***** Raw data *****

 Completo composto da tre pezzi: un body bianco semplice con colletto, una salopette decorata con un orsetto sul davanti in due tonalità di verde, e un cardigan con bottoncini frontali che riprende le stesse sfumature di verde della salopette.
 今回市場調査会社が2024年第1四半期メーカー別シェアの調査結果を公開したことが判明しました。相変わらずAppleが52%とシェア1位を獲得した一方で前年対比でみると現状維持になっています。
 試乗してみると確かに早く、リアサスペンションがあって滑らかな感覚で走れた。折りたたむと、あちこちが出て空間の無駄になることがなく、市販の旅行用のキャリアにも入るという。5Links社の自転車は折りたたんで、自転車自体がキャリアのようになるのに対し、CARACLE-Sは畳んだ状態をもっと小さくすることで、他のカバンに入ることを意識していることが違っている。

*****
***** Raw data *****

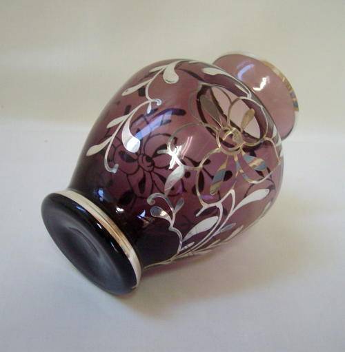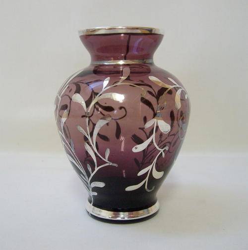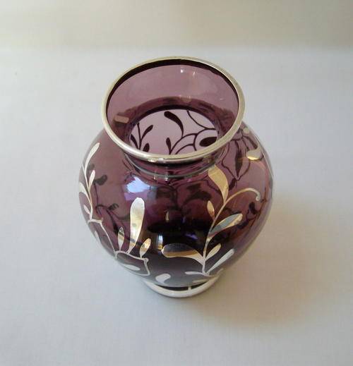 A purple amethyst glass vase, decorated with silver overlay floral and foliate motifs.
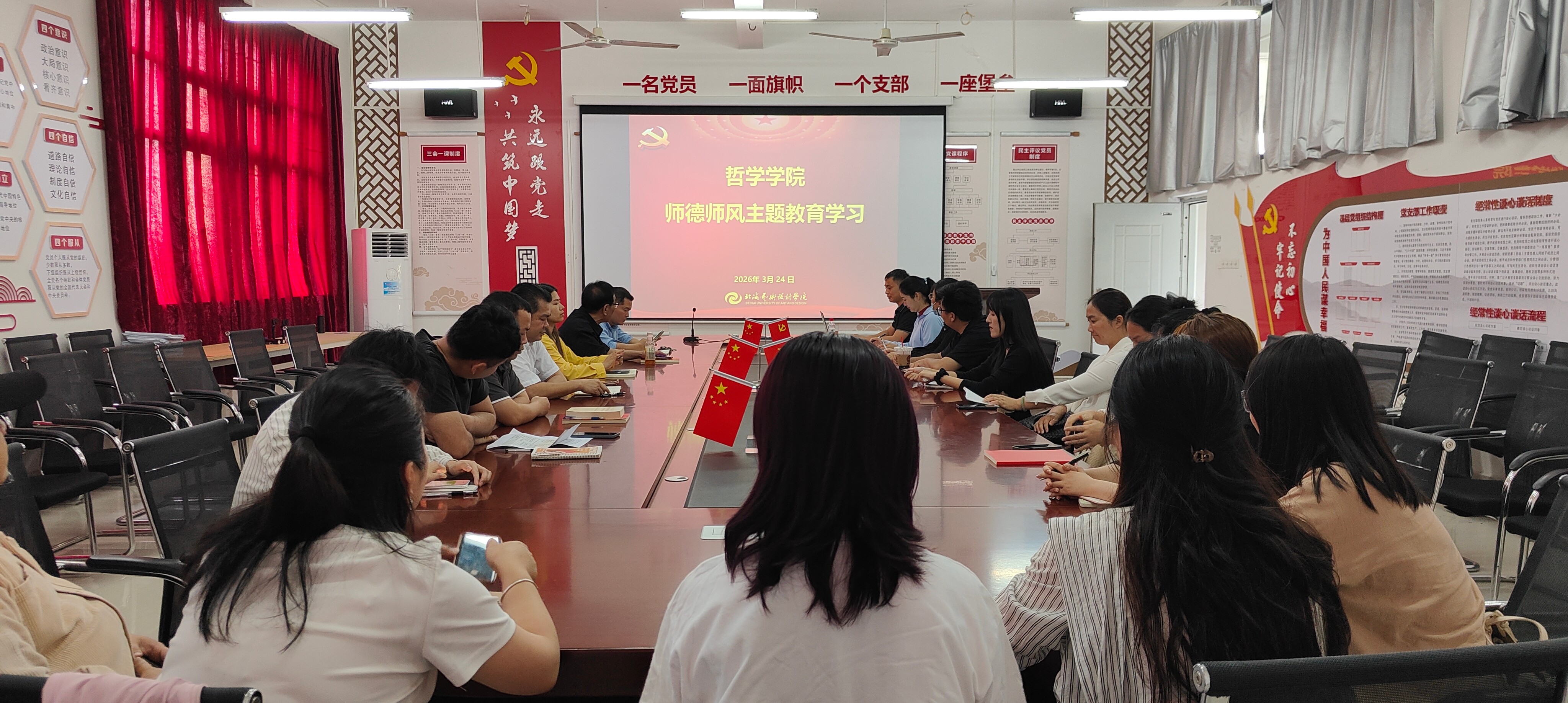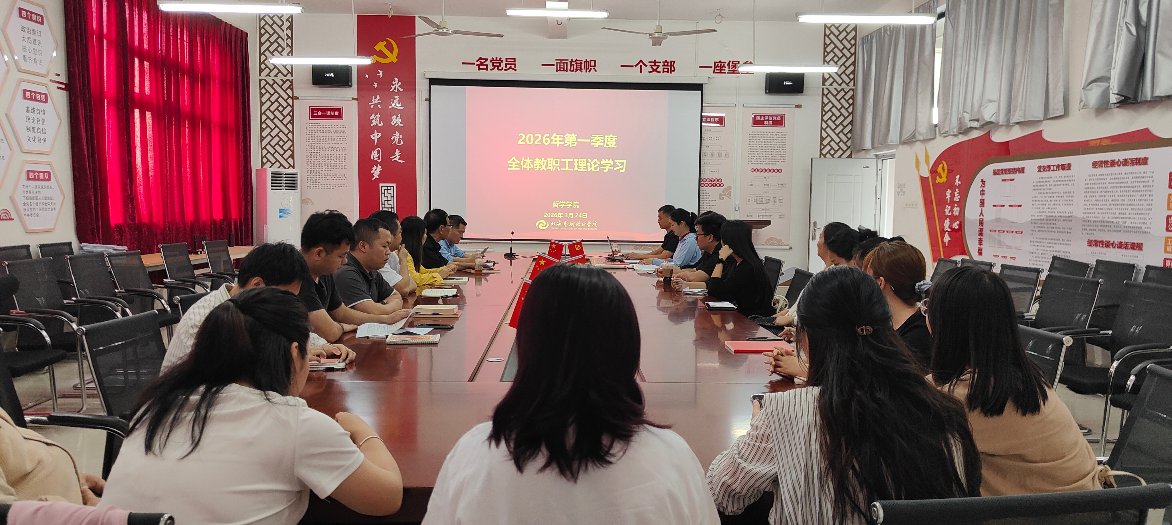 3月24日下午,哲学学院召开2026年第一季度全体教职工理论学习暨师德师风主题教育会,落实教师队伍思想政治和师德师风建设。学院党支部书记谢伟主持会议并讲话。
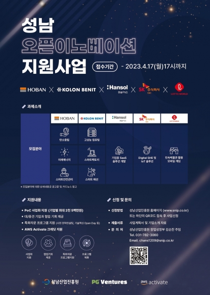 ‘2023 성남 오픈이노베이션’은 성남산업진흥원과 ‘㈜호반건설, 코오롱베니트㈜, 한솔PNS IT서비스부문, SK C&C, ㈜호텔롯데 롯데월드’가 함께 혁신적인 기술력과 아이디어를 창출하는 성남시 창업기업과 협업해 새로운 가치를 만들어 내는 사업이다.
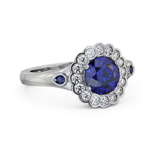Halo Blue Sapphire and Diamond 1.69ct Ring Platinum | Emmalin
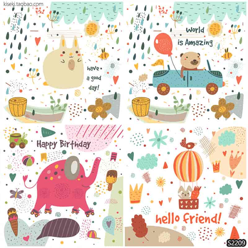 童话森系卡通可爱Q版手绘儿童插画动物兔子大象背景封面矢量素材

*****
***** Raw data *****

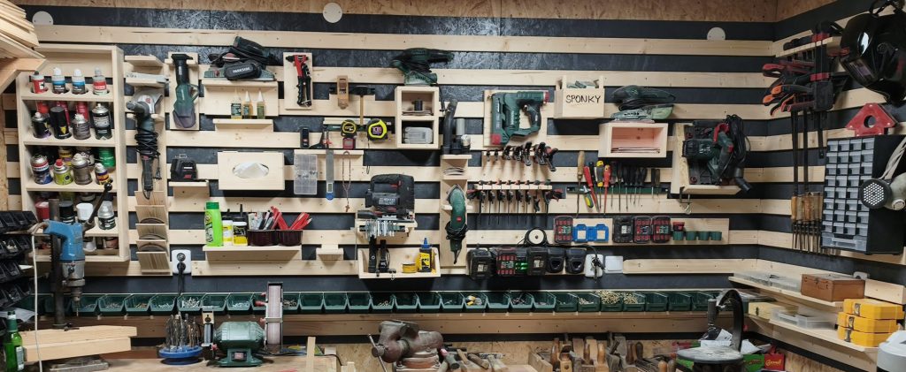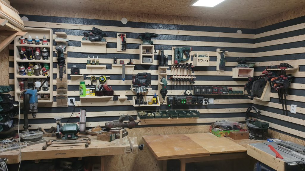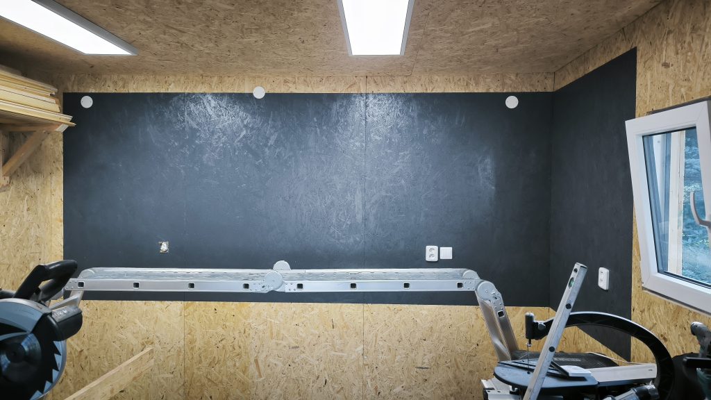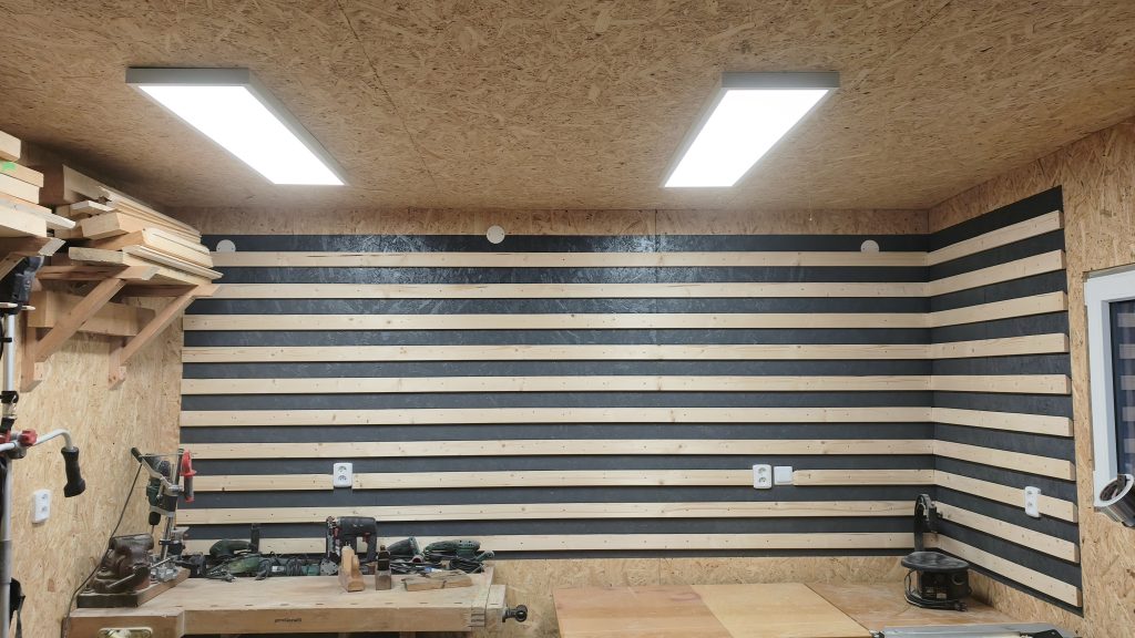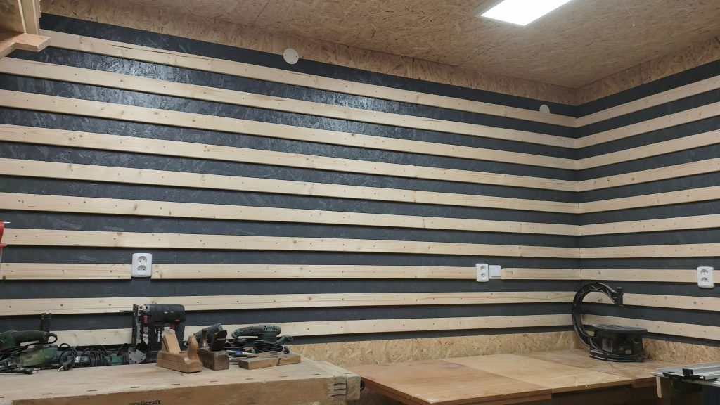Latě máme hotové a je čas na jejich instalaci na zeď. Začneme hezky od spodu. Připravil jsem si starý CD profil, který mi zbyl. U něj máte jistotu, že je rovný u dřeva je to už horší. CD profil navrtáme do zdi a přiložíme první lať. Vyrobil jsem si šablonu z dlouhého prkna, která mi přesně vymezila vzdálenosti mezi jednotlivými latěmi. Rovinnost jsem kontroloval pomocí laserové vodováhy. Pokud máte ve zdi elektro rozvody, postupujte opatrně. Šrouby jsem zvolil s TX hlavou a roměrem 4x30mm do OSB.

*****

The response must repeat exactly the lines above from the one with "만들어 내는 사업이다." through the one with "童话森系卡通可爱Q版手绘儿童插画动物兔子大象背景封面矢量素材", including both, and must contain no pictures and no other text.

 ‘2023 성남 오픈이노베이션’은 성남산업진흥원과 ‘㈜호반건설, 코오롱베니트㈜, 한솔PNS IT서비스부문, SK C&C, ㈜호텔롯데 롯데월드’가 함께 혁신적인 기술력과 아이디어를 창출하는 성남시 창업기업과 협업해 새로운 가치를 만들어 내는 사업이다.
Halo Blue Sapphire and Diamond 1.69ct Ring Platinum | Emmalin
 童话森系卡通可爱Q版手绘儿童插画动物兔子大象背景封面矢量素材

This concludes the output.